Aim of the task ▸ In the listing below, find the line with "CEL·LA (NAOS): Cambra" and copy every line from there up to and including the line with "Folhas de ouro", exactly and without pictures.

Source information ▸
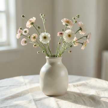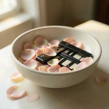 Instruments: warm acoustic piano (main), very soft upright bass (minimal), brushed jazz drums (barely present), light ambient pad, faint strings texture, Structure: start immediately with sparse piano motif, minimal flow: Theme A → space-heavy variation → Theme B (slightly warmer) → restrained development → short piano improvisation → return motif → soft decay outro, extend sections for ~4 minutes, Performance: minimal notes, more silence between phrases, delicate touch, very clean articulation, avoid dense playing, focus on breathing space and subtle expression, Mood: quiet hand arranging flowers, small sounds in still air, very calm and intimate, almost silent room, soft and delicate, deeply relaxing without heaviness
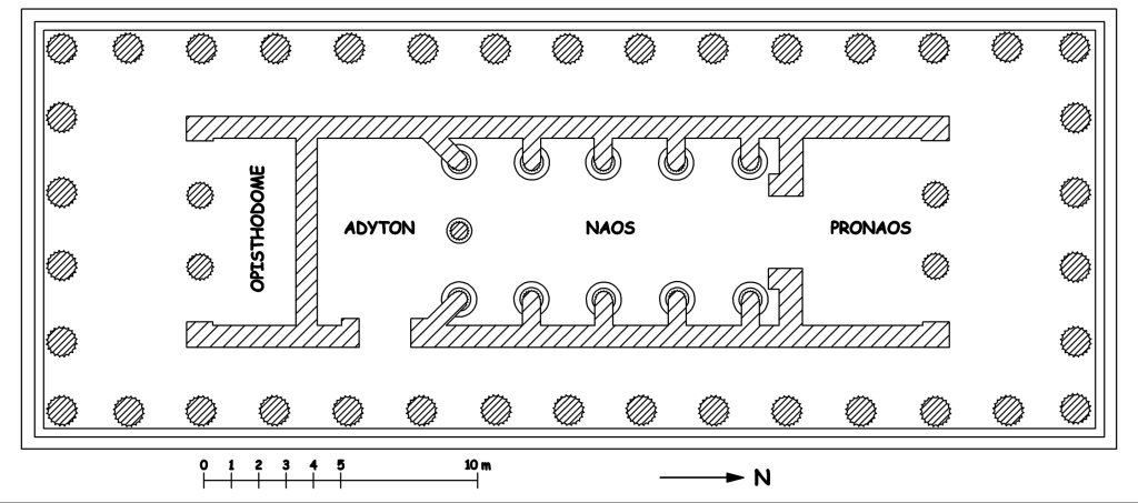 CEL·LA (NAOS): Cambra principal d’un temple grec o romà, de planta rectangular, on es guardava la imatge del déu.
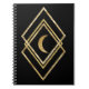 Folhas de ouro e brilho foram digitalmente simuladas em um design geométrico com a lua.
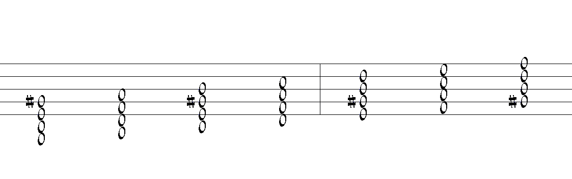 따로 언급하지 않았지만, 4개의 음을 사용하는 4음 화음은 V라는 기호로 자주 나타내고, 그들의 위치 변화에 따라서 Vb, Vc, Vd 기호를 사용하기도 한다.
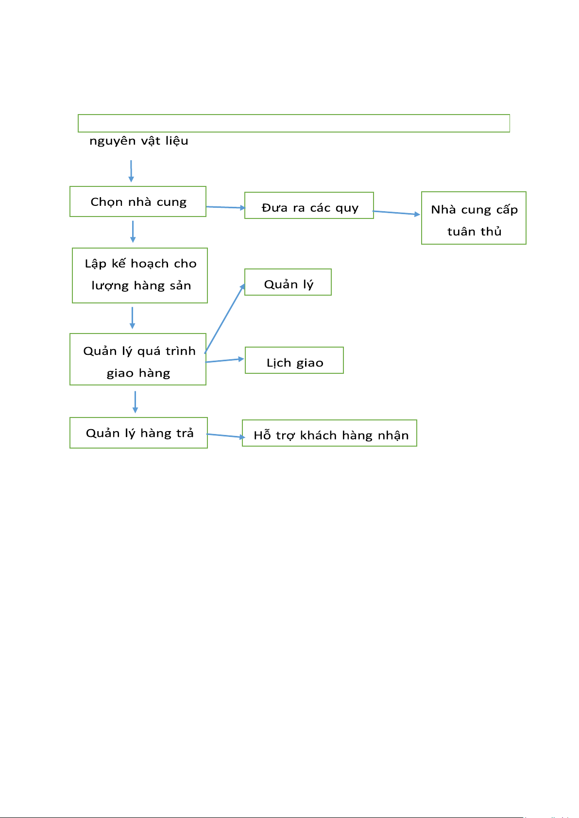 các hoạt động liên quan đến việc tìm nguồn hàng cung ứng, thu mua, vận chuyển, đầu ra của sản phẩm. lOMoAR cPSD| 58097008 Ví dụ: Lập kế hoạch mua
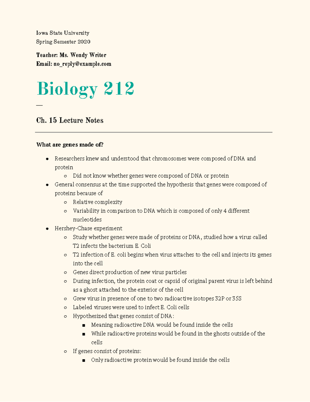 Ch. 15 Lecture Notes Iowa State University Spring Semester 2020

...

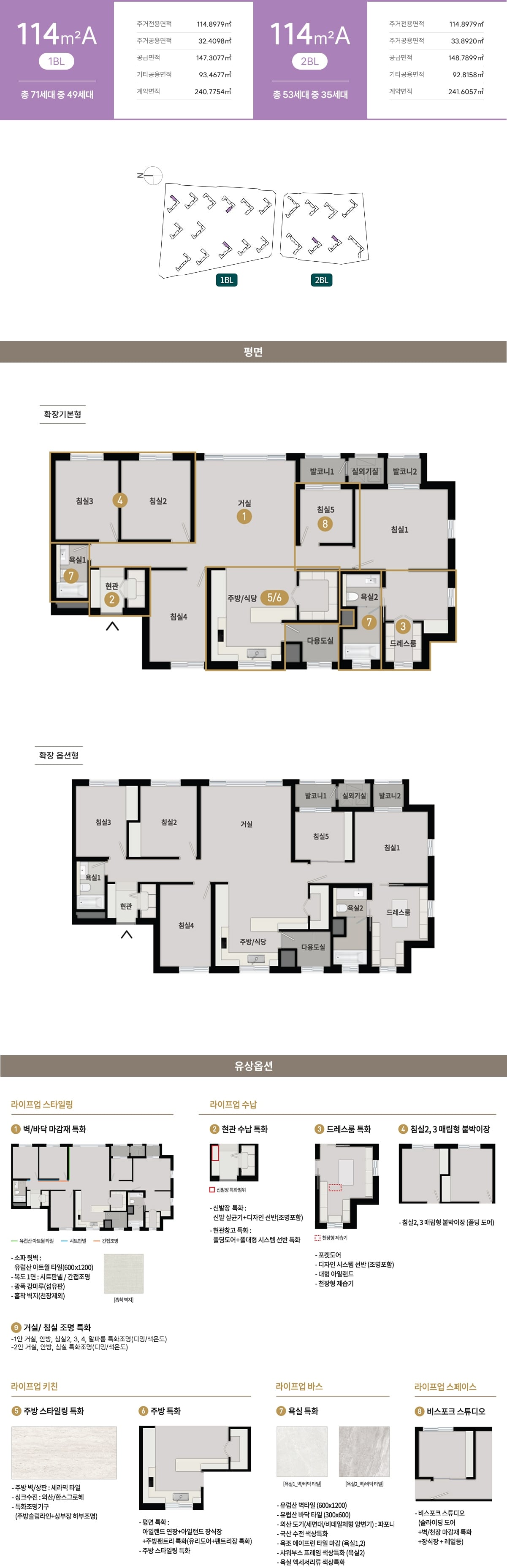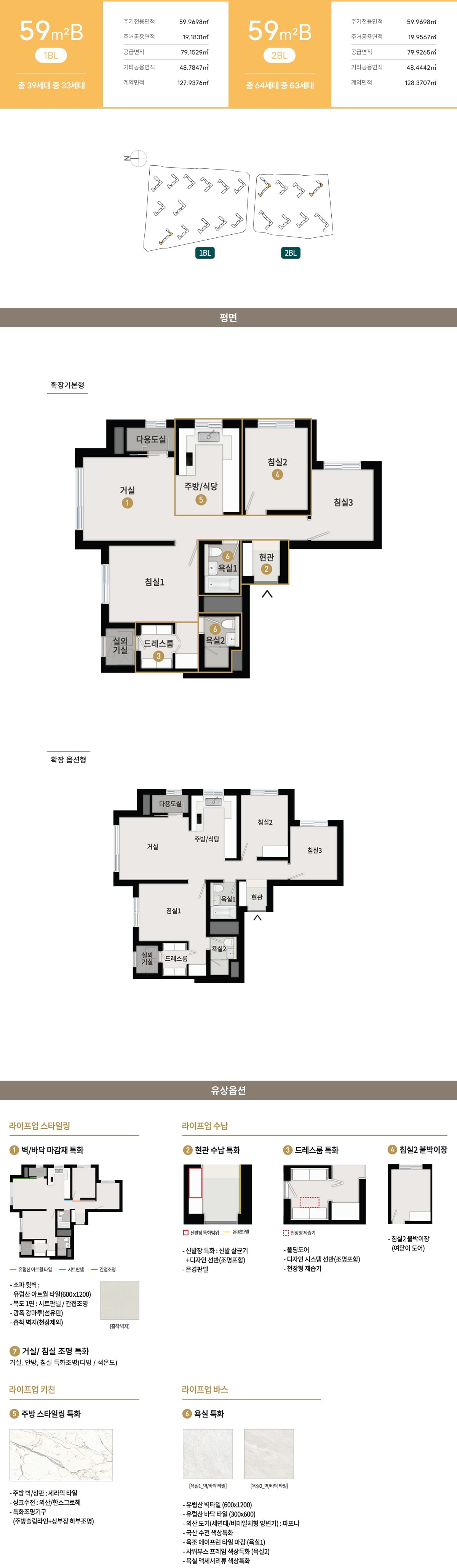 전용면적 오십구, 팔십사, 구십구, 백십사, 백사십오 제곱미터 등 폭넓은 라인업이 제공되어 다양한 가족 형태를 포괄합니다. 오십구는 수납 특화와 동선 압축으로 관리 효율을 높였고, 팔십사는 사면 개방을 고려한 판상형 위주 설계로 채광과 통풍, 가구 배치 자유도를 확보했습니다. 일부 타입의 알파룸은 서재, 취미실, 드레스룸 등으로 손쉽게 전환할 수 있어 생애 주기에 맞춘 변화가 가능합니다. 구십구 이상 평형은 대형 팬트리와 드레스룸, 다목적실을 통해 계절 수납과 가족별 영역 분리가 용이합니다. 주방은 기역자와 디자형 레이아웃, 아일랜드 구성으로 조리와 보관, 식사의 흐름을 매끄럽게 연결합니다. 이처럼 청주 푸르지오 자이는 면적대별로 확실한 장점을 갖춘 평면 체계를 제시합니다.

Answer below ▸
 CEL·LA (NAOS): Cambra principal d’un temple grec o romà, de planta rectangular, on es guardava la imatge del déu.
 Folhas de ouro e brilho foram digitalmente simuladas em um design geométrico com a lua.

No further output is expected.